It All Depends On Your Definition of “Better”

Sometimes I’m afraid that Jon is going to suck Leta’s brain out her nose when he tries to clean out her boogers with the blue rubber syringe. The clearing out of the infant nasal passages is not something I signed up for when I acted on my biological urge to procreate. Neither is the dreaded clipping of the infant fingernails. These things serve more to torture the mother of the infant than they help to keep the baby de-clawed or snot free, and when Jon gleefully reaches for the infant clippers I have to flee the room and hide my head in the oven.

You’d think that I would be prepared for this, having spent the last two years clipping Chuck’s claws. But you haven’t seen Chuck’s claws, and I’m sure that if you did you would have a completely different opinion about me and my notion of decency. I am tortured by the popping sound of the clipping and the very real possibility that I might cut him and cause him to bleed, something I have done on more than one or two or ten occasions.

A few days ago we clipped Leta’s fingernails for the first time, a process that involved turning off all peripheral noise, turning on all the lights, and holding our breath until near suffocation. It took about an hour to finish all ten fingers because we would pause between each clipping to admire each and every adorable joint and knuckle in her hand. It’s become a pastime in our home to dissect the DNA of all of Leta’s body parts. The knuckles on her index fingers are definitely Armstrong DNA. Her cuticles are definitely Hamilton. The size of her hands in general are the monstrous combination of the two families colliding.

Many of you have sent encouraging emails guaranteeing me that things will get better, and I really appreciate your thoughts. However, I have to believe that perhaps what you really mean is that things get better only in the sense that you sort of become used to living this way. Parenthood turns your whole body into one giant callus. The past five days have been unbelievably hard, harder than when I thought things couldn’t get harder, but my crying fits have slowly disintegrated into fits of eye-rolling or sighing or throwing my hands up and saying What the fuck, child? You couldn’t wait to pee until I had put the diaper ON your butt?
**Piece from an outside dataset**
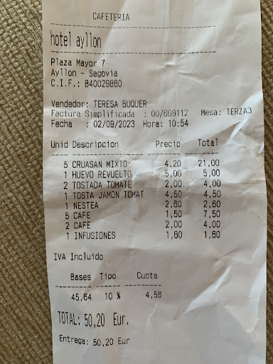 Pongo el ticket para que se vea la hora a la que pudimos desayunar el sábado y que los dueños puedan comprobar que es una reseña real.

One thing that I have definitely become used to is the anxiety attack that hits me every day at about 6:30 PM when I start to realize that I may not get to sleep that night. Leta’s sleeping schedule is completely unpredictable despite our best efforts at establishing some sort of routine to set her clock. During the day I don’t let her take naps longer than a couple hours, and I listen to music or to the TV at an elevated volume to let her know that IT’S DAYTIME! Nothing says daytime better than the squawking, spasmodic screams of Oprah Winfrey’s middle-aged audience learning that they are going to get a gift at the end of her show, especially when the television is turned up so loud that Chuck is hiding underneath the bed. And normally I would be very annoyed at her audience, because IT’S JUST A T-SHIRT, YOU IDIOTS. But they are very good at keeping my baby awake, and so now I’m all SCREAM! SCREAM, YOU IDIOTS!
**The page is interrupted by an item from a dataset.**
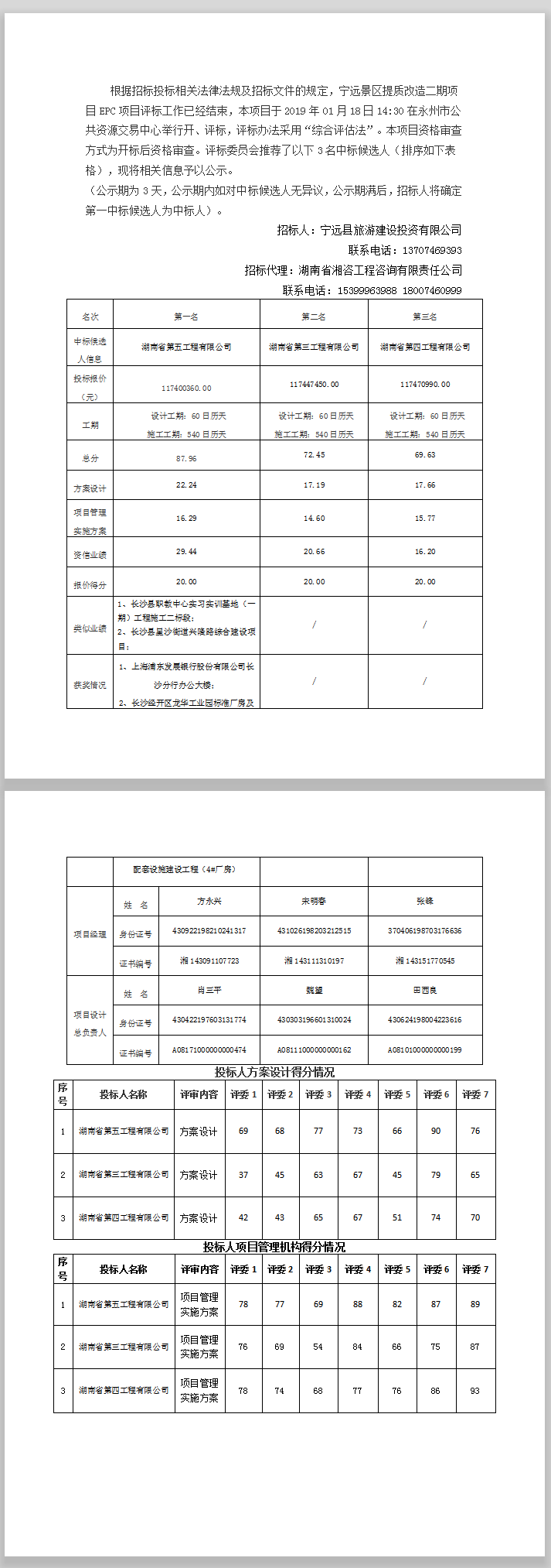 寧遠(yuǎn)景區(qū)提質(zhì)改造二期項(xiàng)目EPC項(xiàng)目中標(biāo)候選人公示

When it’s time to go to bed we give Leta a warm bath, and then we turn off all the lights and mute the television just low enough that we can hear the truth and the light that is Jon Stewart. We’ve tried sleeping with her in between us, with her underneath my arm, with her on Jon’s chest, and with her in a bassinet beside the bed, all to varied and irregular results. She’s very loud when she’s asleep and when she’s on the verge of sleep, and as her mother I hear EVERY SINGLE sound she makes — every grunt, every sigh, every angry attempt to pass a stuttering fart. Leta will go an average of three minutes without making a noise, and then at the end of that three minute stretch she will explode with noises as if to say Ha ha! Just kidding!

And it doesn’t really matter how many hours she’s been awake during the day. Her primary goal in life right now is to torture her mother, and she has figured out that the easiest way to do this is to stay awake by any means possible. Her strategy this week is to spit out her pacifier every five or six minutes and to make loud noises until I stick it back into her mouth. So last night I spent the hours from 10 PM until 2 AM sticking her pacifier back into her mouth. By 5 AM this morning, after two feedings and another hour of pacifier relocation, I honestly considered duct taping the damn thing to her face.

But I haven’t been driven that insane just yet. My level of insanity might drive me to use masking tape or at least something less industrial. Perhaps a Velcro product. Or maybe I resort to what every new mom feels at this point but is afraid to admit and I THROW HER OUT THE WINDOW. That would totally work.

(note: I would never throw Leta out the window. I may, however, throw myself out the window.)